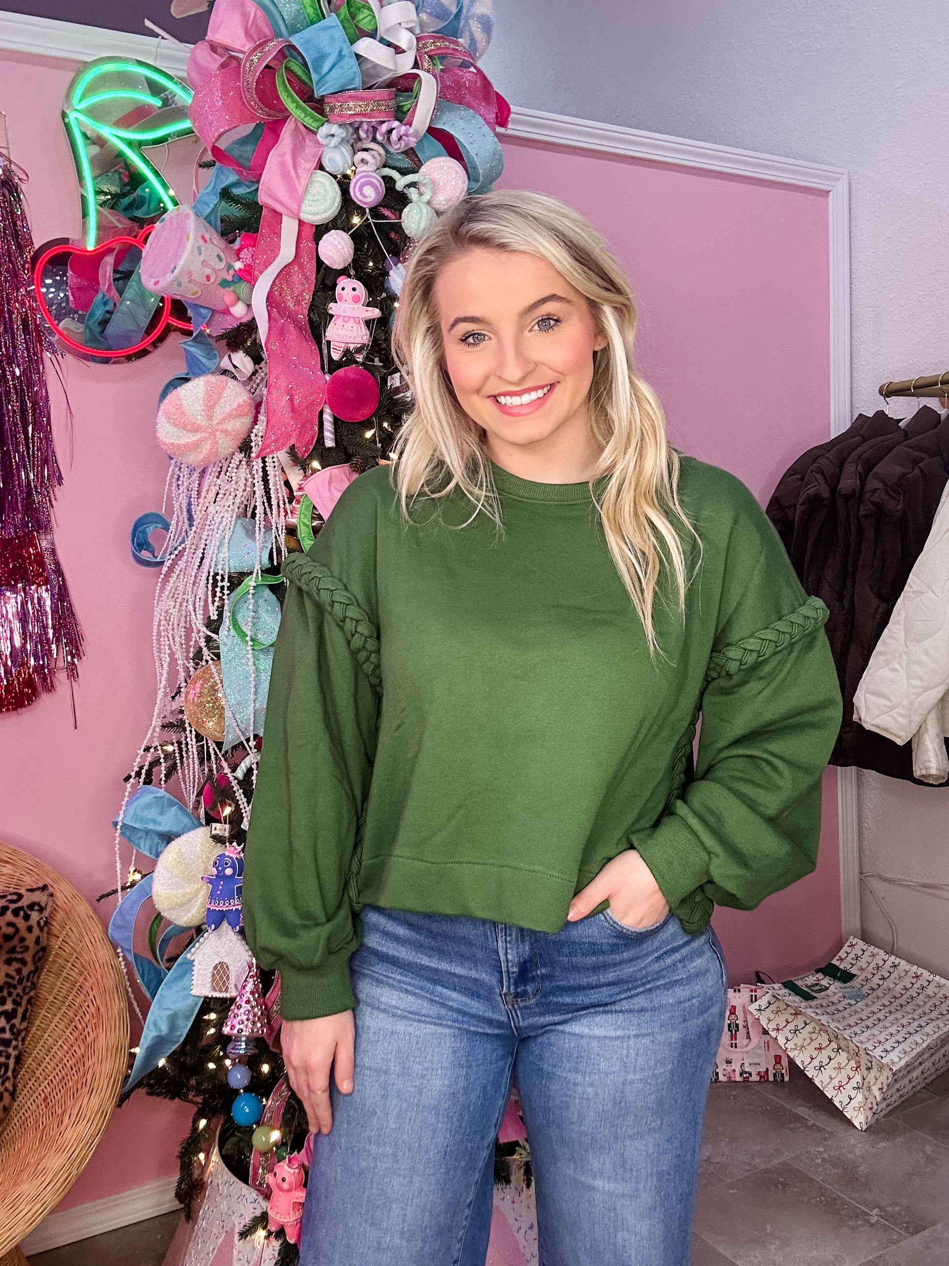 Solid long sleeve cropped top featuring braided detail at shoulder. Unlined. Knit. Non-sheer. Lightweight.
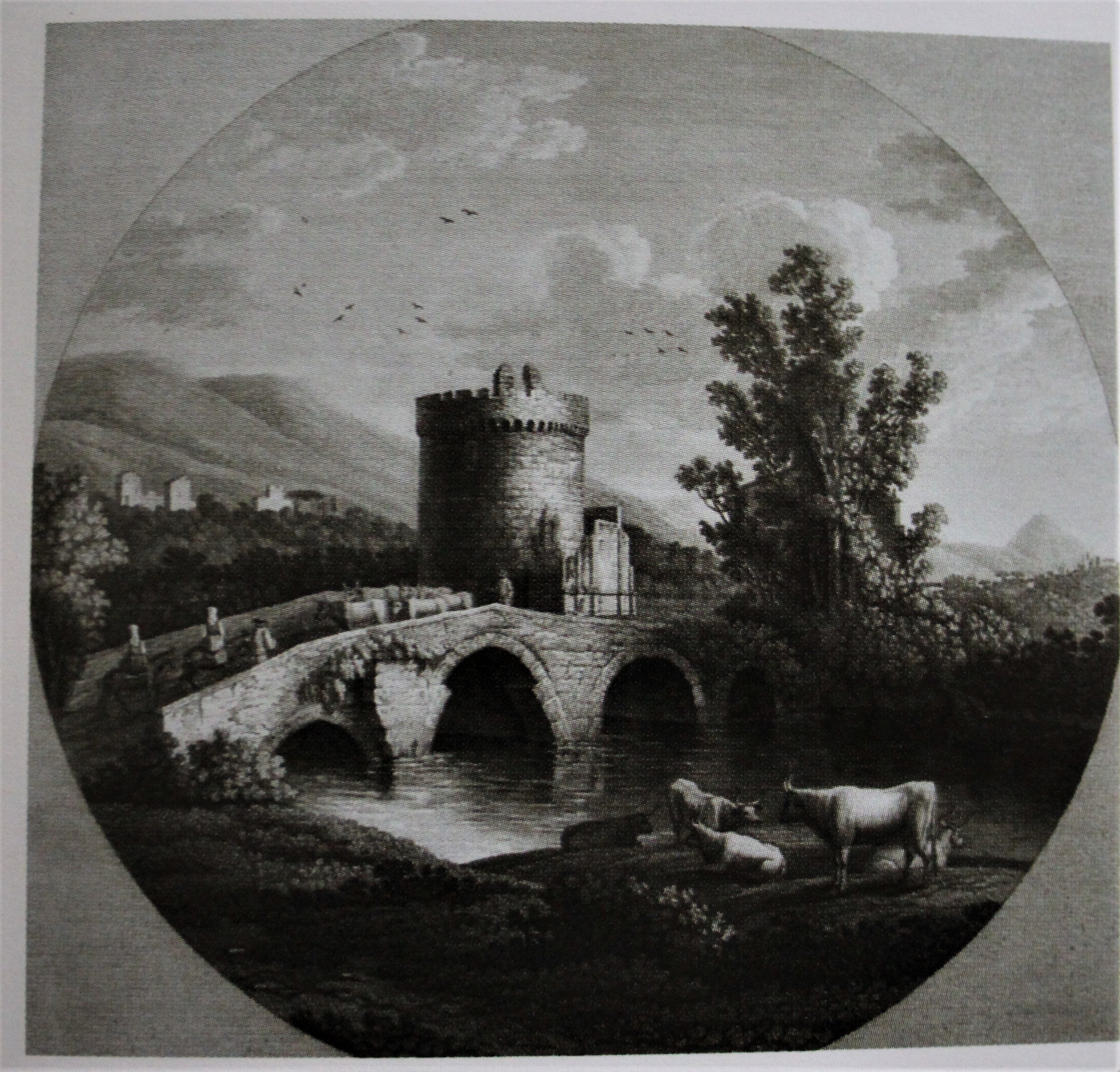 Spode dish with underglaze print of "The Bridge of Lucano near Tivoli to the East of Rome". The tower is the tomb of Plautius Lucanus.
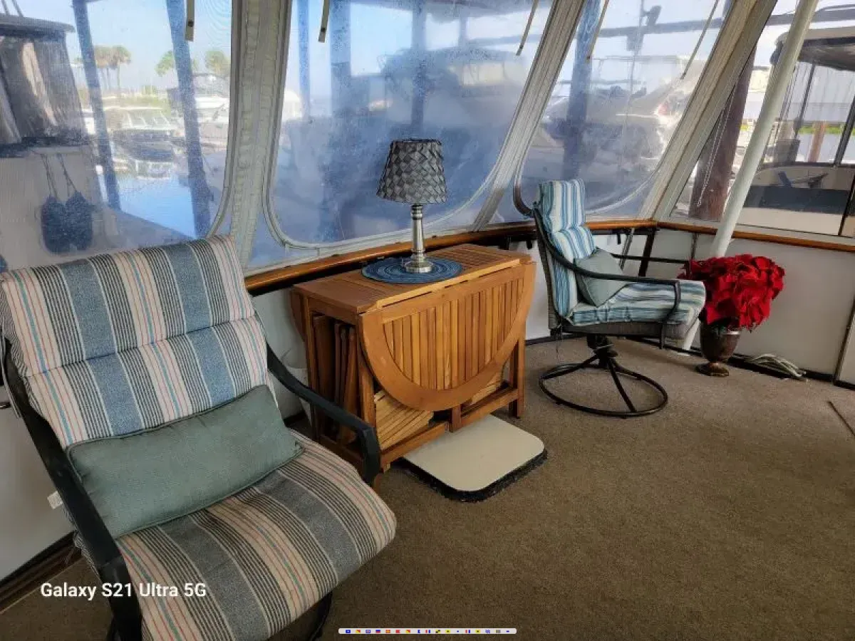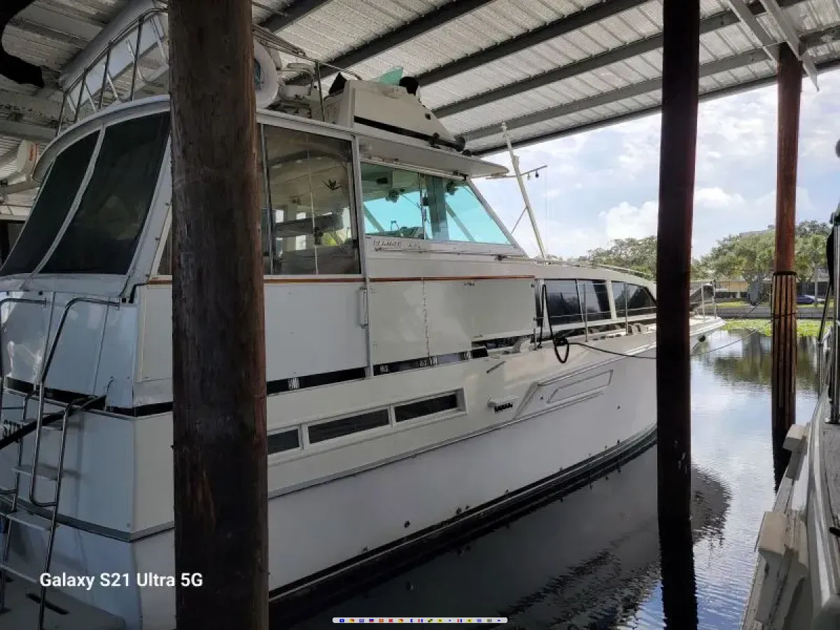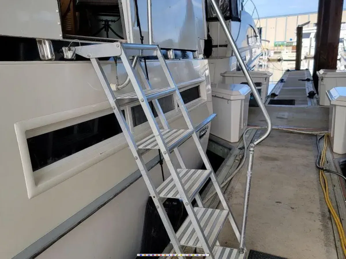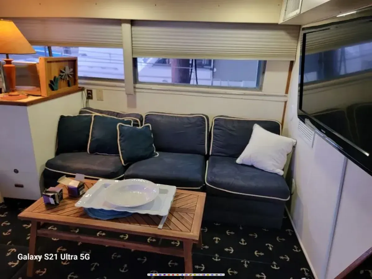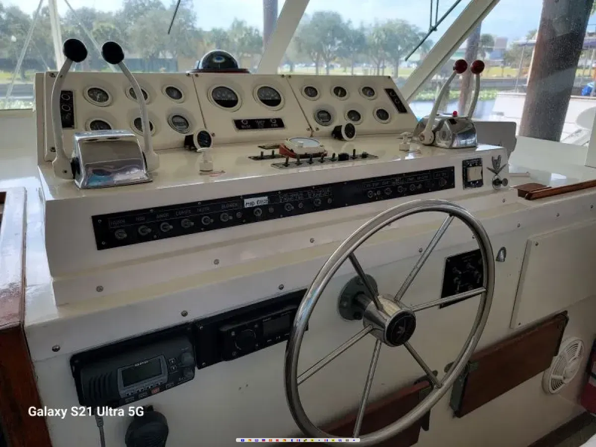 Midnight Sun Too is a 1979 model that has undergone an interior refit throughout the years. Both cabins and the galley now have teak and holly soles with fitted carpeting in the salon. The dinette has been redone and the interior furniture consists of a three-piece sectional settee with a Stressless (brand) tan leather covered swivel recliner with ottoman. She is also equipped with a late model Onan 11.5 KW generator and four (4) reverse cycle marine air conditioners. The gelcoat is shiny indicating a well-cared for vessel.
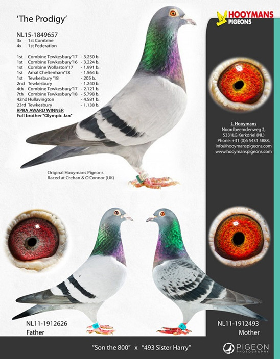 冠軍鴿為約翰戰隊超級賽鴿“普羅帝吉”的子代,現在也被證明是一羽優秀種鴿。“普羅帝吉”是“奧林匹克楊”的全兄弟,而“奧林匹克楊”也出自“800直子”X“哈利姐妹”。
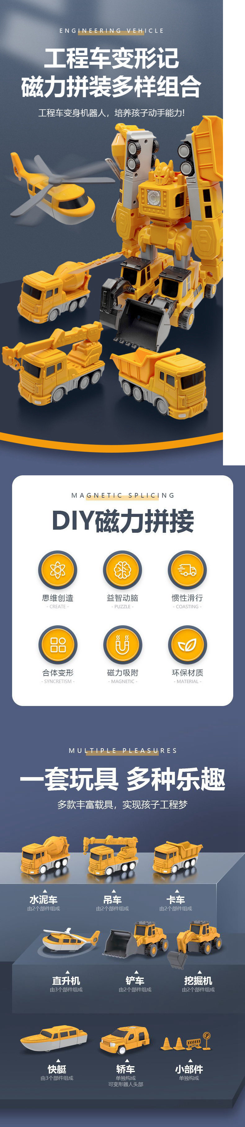 어린이를위한 자기 변형 접합 로봇 장난감 아기 생일 소년 빌딩 블록 조립 엔지니어링 차량스토어 가기
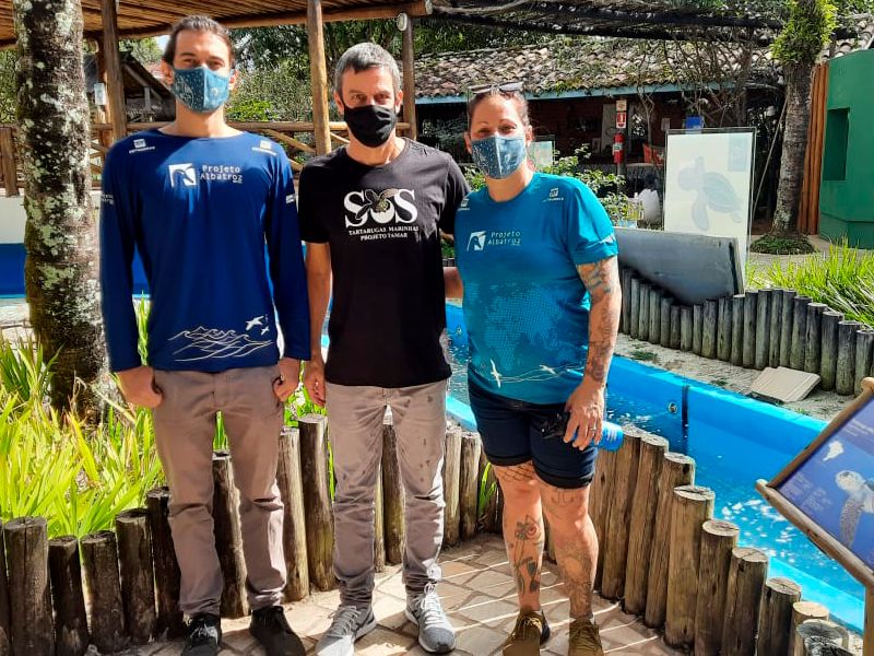 Da esquerda para direita, Gabriel Diniz Zamoner, Bruno Giffoni (Projeto Tamar) e Janaína Machado.
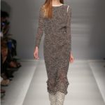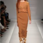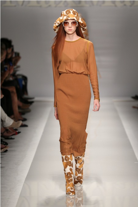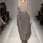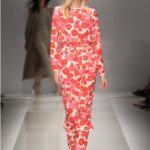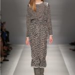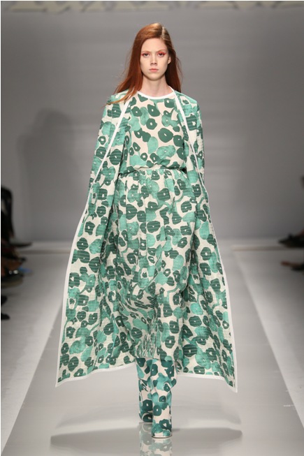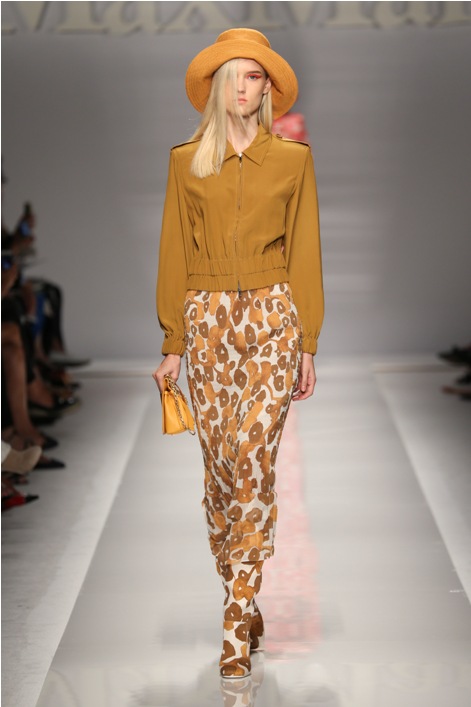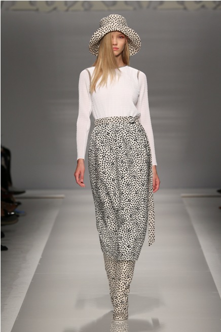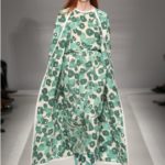 Molte le piccole stampe geometriche tono su tono vagamente puntiformi e molti i fiori -in micro questi ultimi rimandano a certi macro di Andy Warhol- sia nei toni pacati sia in quelli più accesi. E, quando sfilano i fiori, rosa carico, verde mente, giallo ocra, compaiono dalla testa ai piedi, dai cappelli agli stivali, passando anche dalle cinture -spesso a vita alta, le gonne e i pantaloni-. Abiti come prati, come giardini, come serre. Capelli lisci che spuntano da tese larghe simili a croccanti corolle, calzature che, amalgamate al tutto, appaiono come protesi imprescindibili.
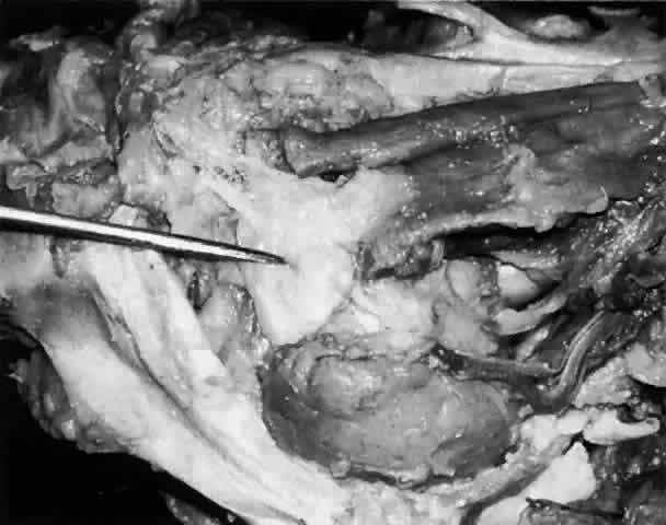 The caliber, length, and course of the nasolacrimal canal vary considerably. The canal is slightly oval, having the greatest dimensions in the anteroposterior plane. The length of the canal is 12 to 13 mm with a slightly lateral convexity. The canal inclines posteriorly (Fig. 30) approximately 15° from vertical as the canal descends from the lacrimal fossa to the nose.28 Clinically, the lateral descent of the nasolacrimal canal can be estimated by drawing a line between the tear sac and the ala nasae. Persons who have narrow interorbital distances and wide noses have the greatest lateral descent, whereas those with wide interorbital distances and narrow noses show a more vertical descent.1,2
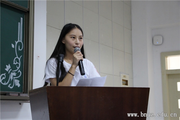 2016级会展新生徐子萌同学在发言中表示,崭新的校园生活让她有些许忐忑慌张,但更多的是对新生活的憧憬与向往,对大学生活中的挑战,应当充满信心。
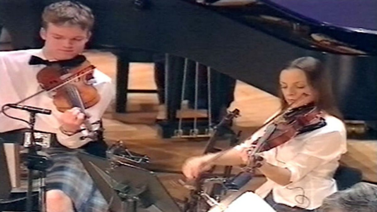 The Celtic Fiddlers play a two step and a tune called ‘Big Jim’s Grubby Digit’ at an Ulster-Scots concert in Belfast’s Waterfront Hall.
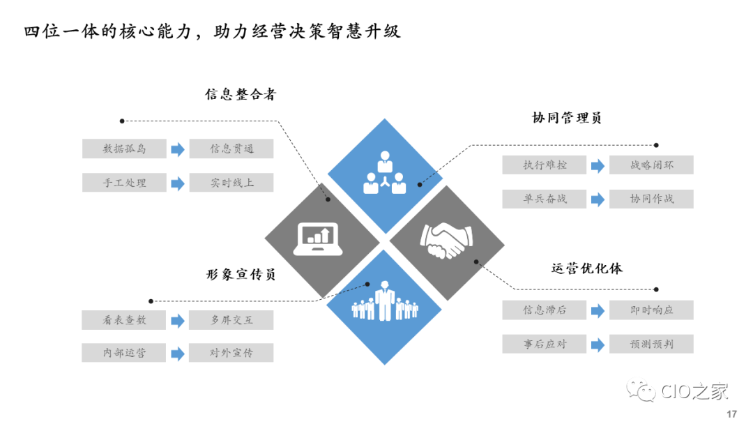 数字化转型应该是千人千面,因为每家企业的难点痛点不一样,所以每家企业的转型路径都不尽相同。数字化转型不是为了转型而转型,必须是围绕解决企业最大痛点,以它做切入点,回报才最快、投入产出比才最高。所以常想,数字化转型第一件事情就要解决数字化转型的切入点。
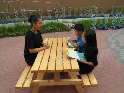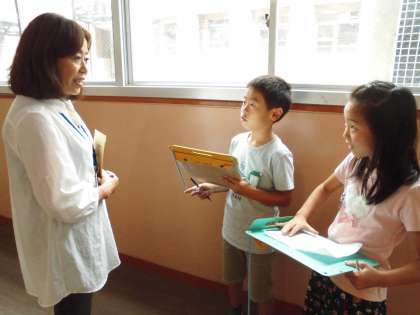 とアポイントをとって,インタビューに来たところです。1年生にわかりやすく伝えたいという気持ちで,一生懸命聞き,メモしています。
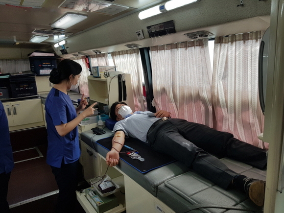 한국남동발전이 8일 진주 본사에서 코로나19 장기화로 인한 전국적인 혈액부족사태 극복에 동참하기 위해 헌혈행사를 진행했다. (사진=남동발전 제공)
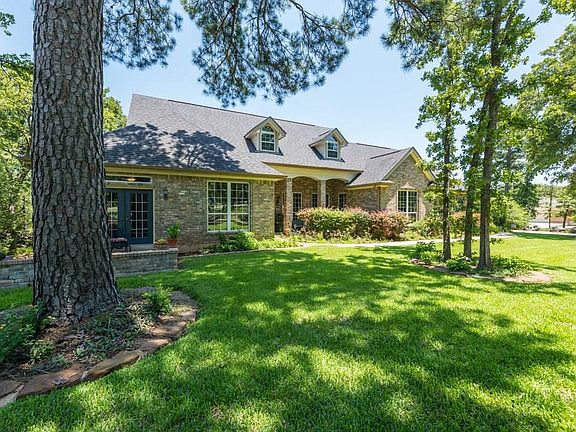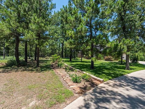 Absolutely gorgeous w privacy &peacefulness on 1.84 ac shady tree covered lot w outdoor liv& FP! Beautiful custom hm w 24" tile, tray ceilings, crown molding, art niches, granite in kitch& baths, glass pendant lighting, SS appliances w double ovens& warming drawer, 22+cabinets, island, drop down venthood, custom lighting& faucets, Huge WIS w 3 heads, 2" wd blinds, 2 wd burning FP, brick capped patio w outdoor living, sprinkler, gutters, rainwater collection&dog pin! Truly one of the best lots in Dogwood!

┄┄┄┄┄┄┄┄┄┄┄┄┄┄┄┄┄┄┄┄

• Assignment
Write every record out again exactly, omitting the pictures they hold.

• Exercise answer
 Solid long sleeve cropped top featuring braided detail at shoulder. Unlined. Knit. Non-sheer. Lightweight.
 Spode dish with underglaze print of "The Bridge of Lucano near Tivoli to the East of Rome". The tower is the tomb of Plautius Lucanus.
 Midnight Sun Too is a 1979 model that has undergone an interior refit throughout the years. Both cabins and the galley now have teak and holly soles with fitted carpeting in the salon. The dinette has been redone and the interior furniture consists of a three-piece sectional settee with a Stressless (brand) tan leather covered swivel recliner with ottoman. She is also equipped with a late model Onan 11.5 KW generator and four (4) reverse cycle marine air conditioners. The gelcoat is shiny indicating a well-cared for vessel.
 冠軍鴿為約翰戰隊超級賽鴿“普羅帝吉”的子代,現在也被證明是一羽優秀種鴿。“普羅帝吉”是“奧林匹克楊”的全兄弟,而“奧林匹克楊”也出自“800直子”X“哈利姐妹”。
 어린이를위한 자기 변형 접합 로봇 장난감 아기 생일 소년 빌딩 블록 조립 엔지니어링 차량스토어 가기
 Da esquerda para direita, Gabriel Diniz Zamoner, Bruno Giffoni (Projeto Tamar) e Janaína Machado.
 Molte le piccole stampe geometriche tono su tono vagamente puntiformi e molti i fiori -in micro questi ultimi rimandano a certi macro di Andy Warhol- sia nei toni pacati sia in quelli più accesi. E, quando sfilano i fiori, rosa carico, verde mente, giallo ocra, compaiono dalla testa ai piedi, dai cappelli agli stivali, passando anche dalle cinture -spesso a vita alta, le gonne e i pantaloni-. Abiti come prati, come giardini, come serre. Capelli lisci che spuntano da tese larghe simili a croccanti corolle, calzature che, amalgamate al tutto, appaiono come protesi imprescindibili.
 The caliber, length, and course of the nasolacrimal canal vary considerably. The canal is slightly oval, having the greatest dimensions in the anteroposterior plane. The length of the canal is 12 to 13 mm with a slightly lateral convexity. The canal inclines posteriorly (Fig. 30) approximately 15° from vertical as the canal descends from the lacrimal fossa to the nose.28 Clinically, the lateral descent of the nasolacrimal canal can be estimated by drawing a line between the tear sac and the ala nasae. Persons who have narrow interorbital distances and wide noses have the greatest lateral descent, whereas those with wide interorbital distances and narrow noses show a more vertical descent.1,2
 2016级会展新生徐子萌同学在发言中表示,崭新的校园生活让她有些许忐忑慌张,但更多的是对新生活的憧憬与向往,对大学生活中的挑战,应当充满信心。
 The Celtic Fiddlers play a two step and a tune called ‘Big Jim’s Grubby Digit’ at an Ulster-Scots concert in Belfast’s Waterfront Hall.
 数字化转型应该是千人千面,因为每家企业的难点痛点不一样,所以每家企业的转型路径都不尽相同。数字化转型不是为了转型而转型,必须是围绕解决企业最大痛点,以它做切入点,回报才最快、投入产出比才最高。所以常想,数字化转型第一件事情就要解决数字化转型的切入点。
 とアポイントをとって,インタビューに来たところです。1年生にわかりやすく伝えたいという気持ちで,一生懸命聞き,メモしています。
 한국남동발전이 8일 진주 본사에서 코로나19 장기화로 인한 전국적인 혈액부족사태 극복에 동참하기 위해 헌혈행사를 진행했다. (사진=남동발전 제공)
 Absolutely gorgeous w privacy &peacefulness on 1.84 ac shady tree covered lot w outdoor liv& FP! Beautiful custom hm w 24" tile, tray ceilings, crown molding, art niches, granite in kitch& baths, glass pendant lighting, SS appliances w double ovens& warming drawer, 22+cabinets, island, drop down venthood, custom lighting& faucets, Huge WIS w 3 heads, 2" wd blinds, 2 wd burning FP, brick capped patio w outdoor living, sprinkler, gutters, rainwater collection&dog pin! Truly one of the best lots in Dogwood!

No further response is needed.